ASSIGNMENT:
Reproduction without pictures: print every entry precisely as written.

Dataset records
== Segment start ==

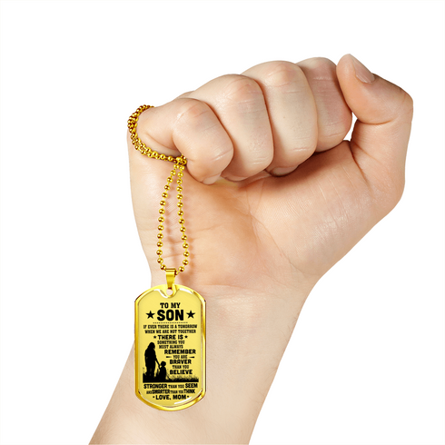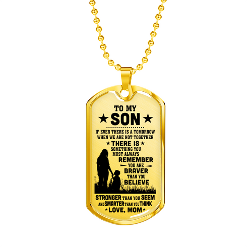 Necklace says: "To My Son, If Ever There Is A Tomorrow When We Are Not Together, There Is Something You Must Always Remember, You Are Braver Than You Believe, Stronger Than You Seem, Smarter Than You Think, And Loved More Than You Know."
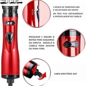Com um sistema de rotação 360º em duas direções, essa escova possui a praticidade de um secador e a versatilidade de um modelador, permitindo que você conquiste penteados incríveis de forma rápida e descomplicada. Adeus aos dias em que você precisava usar vários aparelhos diferentes para obter o resultado desejado!
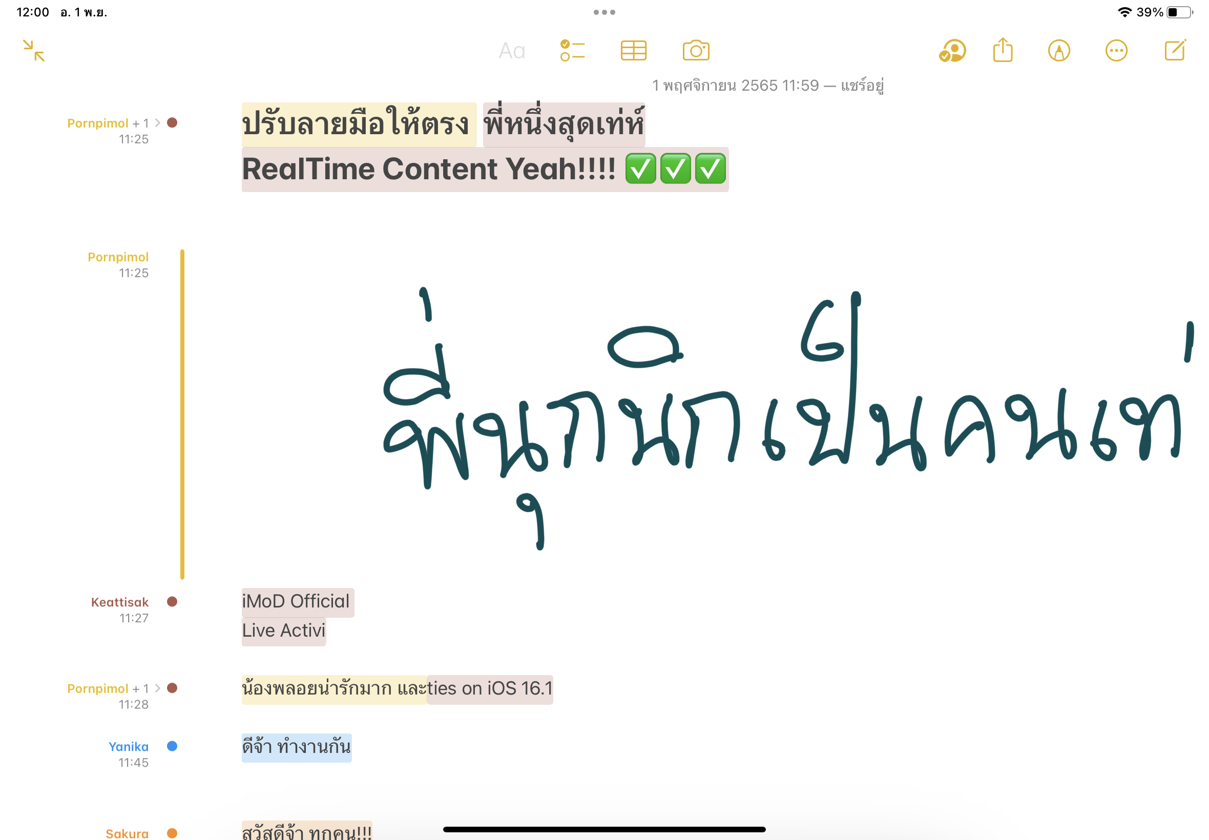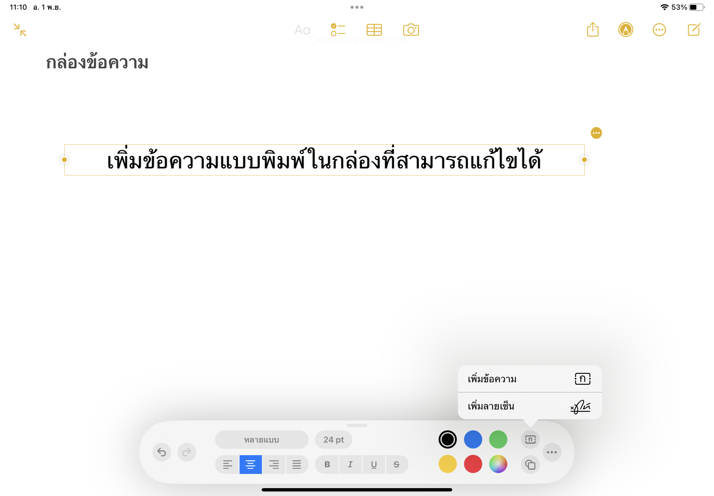 iPadOS 16.1 สามารถแก้ไขข้อความแบบพิมพ์ในกล่องข้อความได้เลยภายในพื้นที่สำหรับการวาดภาพในโน้ตของเรา
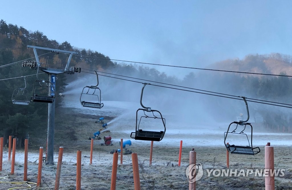 | ▲ 지난 4일 인공눈 뿌리는 스키장 [연합뉴스 자료사진] |
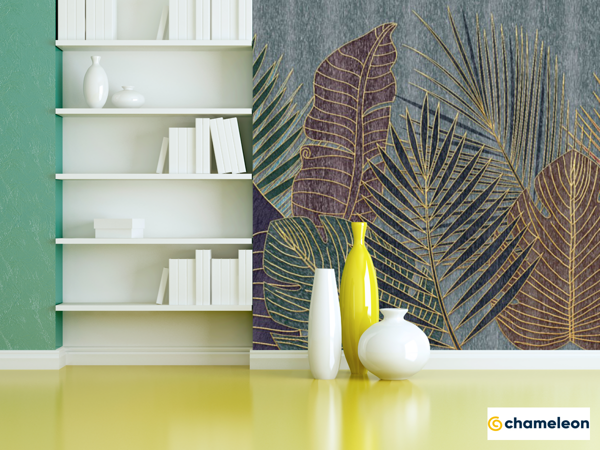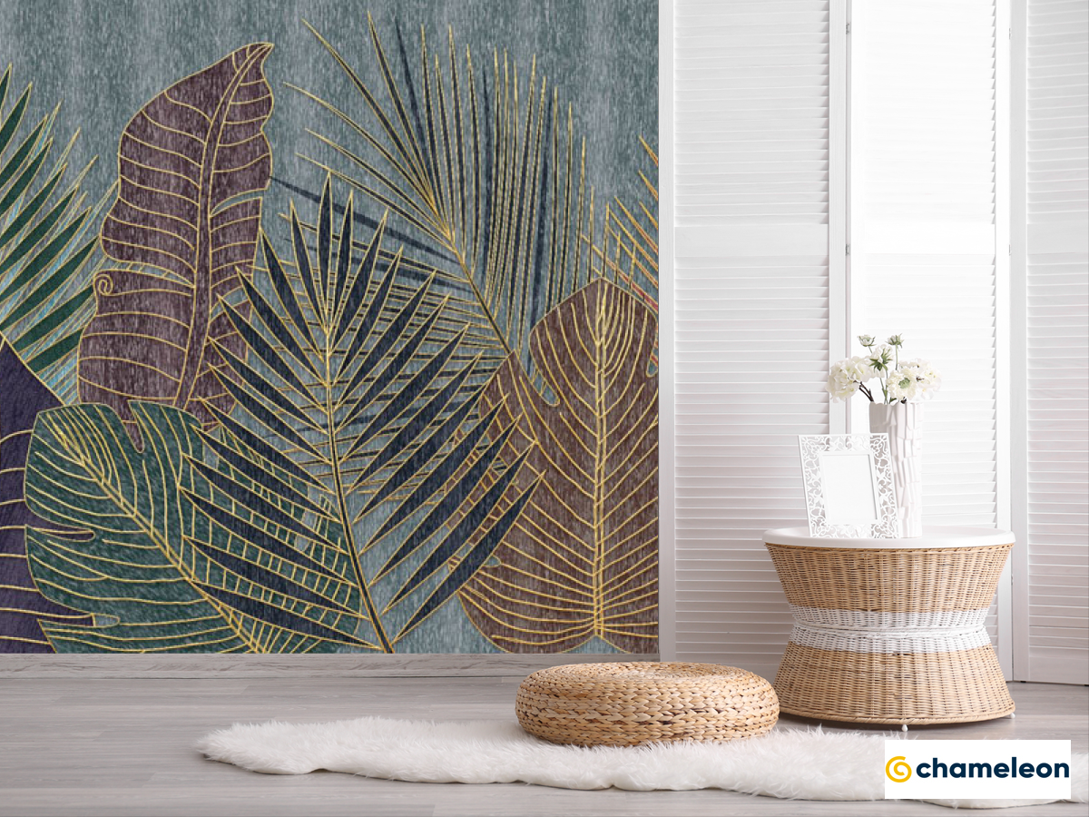 Фотошпалери «Фотошпалери 3Д тропічні листя», (арт. 34303) - купити в інтернет-магазині «Будинок Фотошпалер» Хамелеон
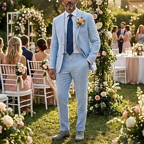 Masculino Smoking ternos de linho Festa Casamento Azul Céu sábio Primavera Verão Terno Lapela Chanfrada Moda Leve Cor Sólida Moderno Conjunto de 2 peças Comum 2 Botões
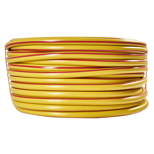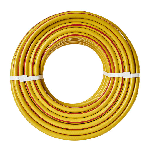 3. **Трислойова конструкція**: Шланг має внутрішній, середній та зовнішній шари. Внутрішній шар є гладкою трубкою з ПВХ, яка забезпечує вільний потік води. Середній шар армований хрестоподібними нитками, що надає шлангу міцності та стійкості до тиску. Зовнішній шар є захисною оболонкою, яка захищає шланг від механічних пошкоджень та впливу навколишнього середовища.
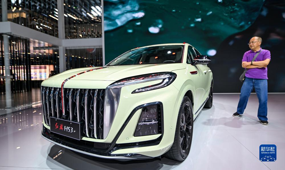7月17日,观众在长春汽博会红旗品牌汽车展区参观红旗HS3车型。
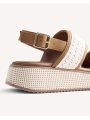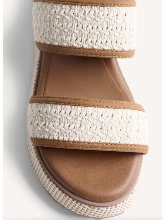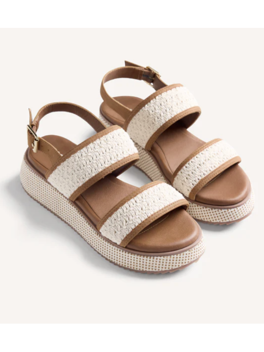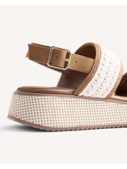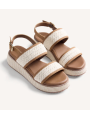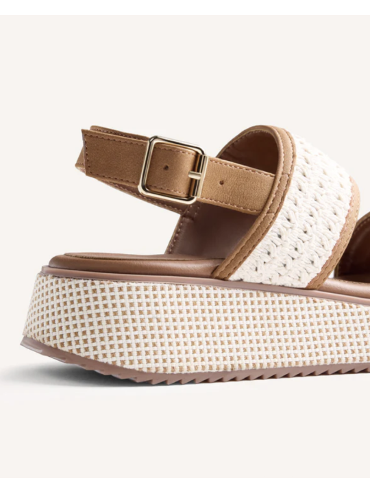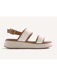 Sandalia con diseño de tiras anchas y cierre ajustable en el tobillo. Combina acabado trenzado con detalles lisos y cuenta con plataforma ligera que aporta estabilidad y confort en cada paso.
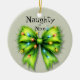 Festliches grünes Bow-Lights Naughty oder Nice Fot Keramik Ornament
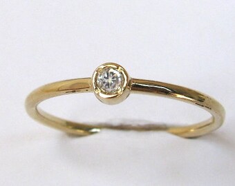 Yellow gold diamond ring, 14k solid gold ring, engagement ring, promise ring, dainty solitaire round diamond, anniversary ring
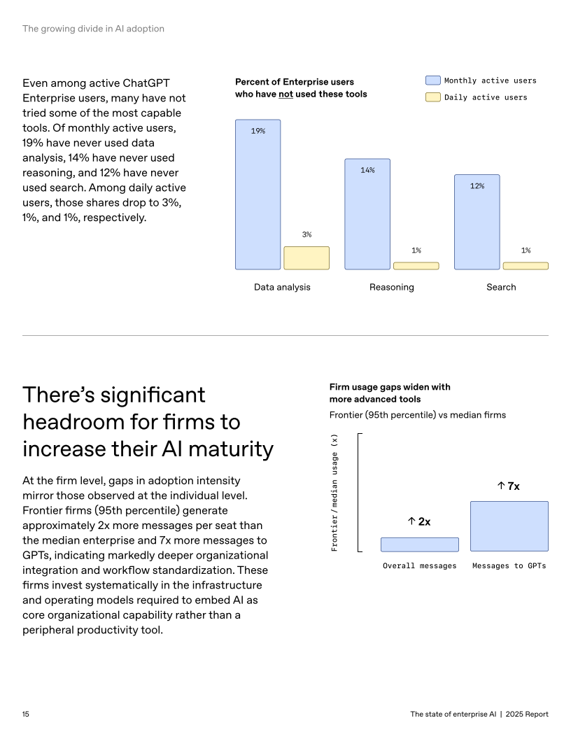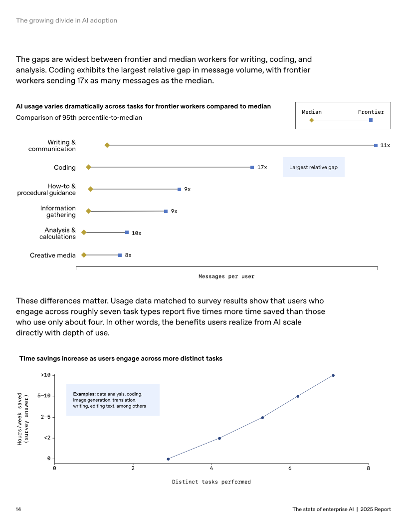 采纳深度出现分化:前沿员工消息量为中位数的6倍、前沿企业每座席消息数约为中位的2倍,向GPT的调用在前沿企业高出7倍;编码类任务的前沿/中位差距高达17倍,表明“深度使用”带来更大回报。
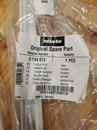 Soporte de cristal trasero para balda o estantería de frigorífico de la marca Miele. 4 unidades disponibles a estrenar. Precio por unidad. Medidasen las fotos. - Pieza de repuesto original. - Diseño en forma de barra. - Acabado plateado.
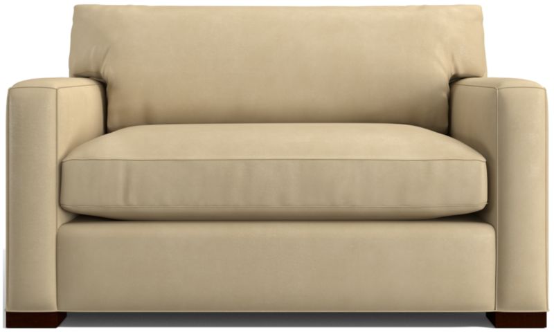 The quality and comfort of our Axis collection is legendary. Casual and inviting, the sleeper sofa offers exceptional, long-lasting durability as a sofa or as a bed. The pull-out twin mattress is ultra comfortable and has a locking, tilt-up headrest for late-night reading or TV viewing. The sofa's angled back and deep seat cushions filled with a plush feather-down blend encourage lounging, while track arms give the sofa the clean look and modern style that make Axis a Crate & Barrel icon.
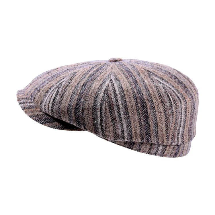 Die Paperboy-Mütze Shelby vereint zeitlosen Charme mit luxuriösen Materialien. Ihr großzügiger Ballonschnitt und die klassische Knopfkrone werden hier mit einem außergewöhnlichen Streifenmuster in Beige-, Grau- und Naturtönen kombiniert. Das macht sie zu einem markanten Accessoire, das sich stilvoll von schlichten Outfits abhebt.
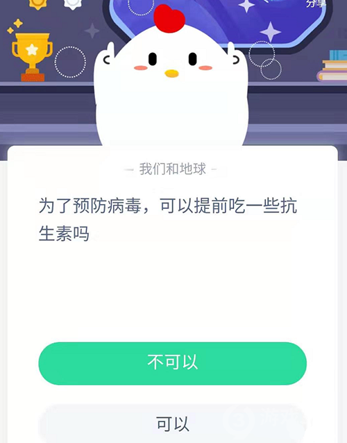 随着病毒的危害,大众们的防范意识也在增强,为了预防病毒,有些小伙伴选择提前吃一些抗生素来抵御病毒,但是真的可以提前吃一些抗生素吗?今天支付宝小鸡答题中出现的问题,赶紧一起来看看正确答案是什么吧。

== Segment end ==

EXERCISE ANSWER:
 Necklace says: "To My Son, If Ever There Is A Tomorrow When We Are Not Together, There Is Something You Must Always Remember, You Are Braver Than You Believe, Stronger Than You Seem, Smarter Than You Think, And Loved More Than You Know."
Com um sistema de rotação 360º em duas direções, essa escova possui a praticidade de um secador e a versatilidade de um modelador, permitindo que você conquiste penteados incríveis de forma rápida e descomplicada. Adeus aos dias em que você precisava usar vários aparelhos diferentes para obter o resultado desejado!
 iPadOS 16.1 สามารถแก้ไขข้อความแบบพิมพ์ในกล่องข้อความได้เลยภายในพื้นที่สำหรับการวาดภาพในโน้ตของเรา
 | ▲ 지난 4일 인공눈 뿌리는 스키장 [연합뉴스 자료사진] |
 Фотошпалери «Фотошпалери 3Д тропічні листя», (арт. 34303) - купити в інтернет-магазині «Будинок Фотошпалер» Хамелеон
 Masculino Smoking ternos de linho Festa Casamento Azul Céu sábio Primavera Verão Terno Lapela Chanfrada Moda Leve Cor Sólida Moderno Conjunto de 2 peças Comum 2 Botões
 3. **Трислойова конструкція**: Шланг має внутрішній, середній та зовнішній шари. Внутрішній шар є гладкою трубкою з ПВХ, яка забезпечує вільний потік води. Середній шар армований хрестоподібними нитками, що надає шлангу міцності та стійкості до тиску. Зовнішній шар є захисною оболонкою, яка захищає шланг від механічних пошкоджень та впливу навколишнього середовища.
7月17日,观众在长春汽博会红旗品牌汽车展区参观红旗HS3车型。
 Sandalia con diseño de tiras anchas y cierre ajustable en el tobillo. Combina acabado trenzado con detalles lisos y cuenta con plataforma ligera que aporta estabilidad y confort en cada paso.
 Festliches grünes Bow-Lights Naughty oder Nice Fot Keramik Ornament
 Yellow gold diamond ring, 14k solid gold ring, engagement ring, promise ring, dainty solitaire round diamond, anniversary ring
 采纳深度出现分化:前沿员工消息量为中位数的6倍、前沿企业每座席消息数约为中位的2倍,向GPT的调用在前沿企业高出7倍;编码类任务的前沿/中位差距高达17倍,表明“深度使用”带来更大回报。
 Soporte de cristal trasero para balda o estantería de frigorífico de la marca Miele. 4 unidades disponibles a estrenar. Precio por unidad. Medidasen las fotos. - Pieza de repuesto original. - Diseño en forma de barra. - Acabado plateado.
 The quality and comfort of our Axis collection is legendary. Casual and inviting, the sleeper sofa offers exceptional, long-lasting durability as a sofa or as a bed. The pull-out twin mattress is ultra comfortable and has a locking, tilt-up headrest for late-night reading or TV viewing. The sofa's angled back and deep seat cushions filled with a plush feather-down blend encourage lounging, while track arms give the sofa the clean look and modern style that make Axis a Crate & Barrel icon.
 Die Paperboy-Mütze Shelby vereint zeitlosen Charme mit luxuriösen Materialien. Ihr großzügiger Ballonschnitt und die klassische Knopfkrone werden hier mit einem außergewöhnlichen Streifenmuster in Beige-, Grau- und Naturtönen kombiniert. Das macht sie zu einem markanten Accessoire, das sich stilvoll von schlichten Outfits abhebt.
 随着病毒的危害,大众们的防范意识也在增强,为了预防病毒,有些小伙伴选择提前吃一些抗生素来抵御病毒,但是真的可以提前吃一些抗生素吗?今天支付宝小鸡答题中出现的问题,赶紧一起来看看正确答案是什么吧。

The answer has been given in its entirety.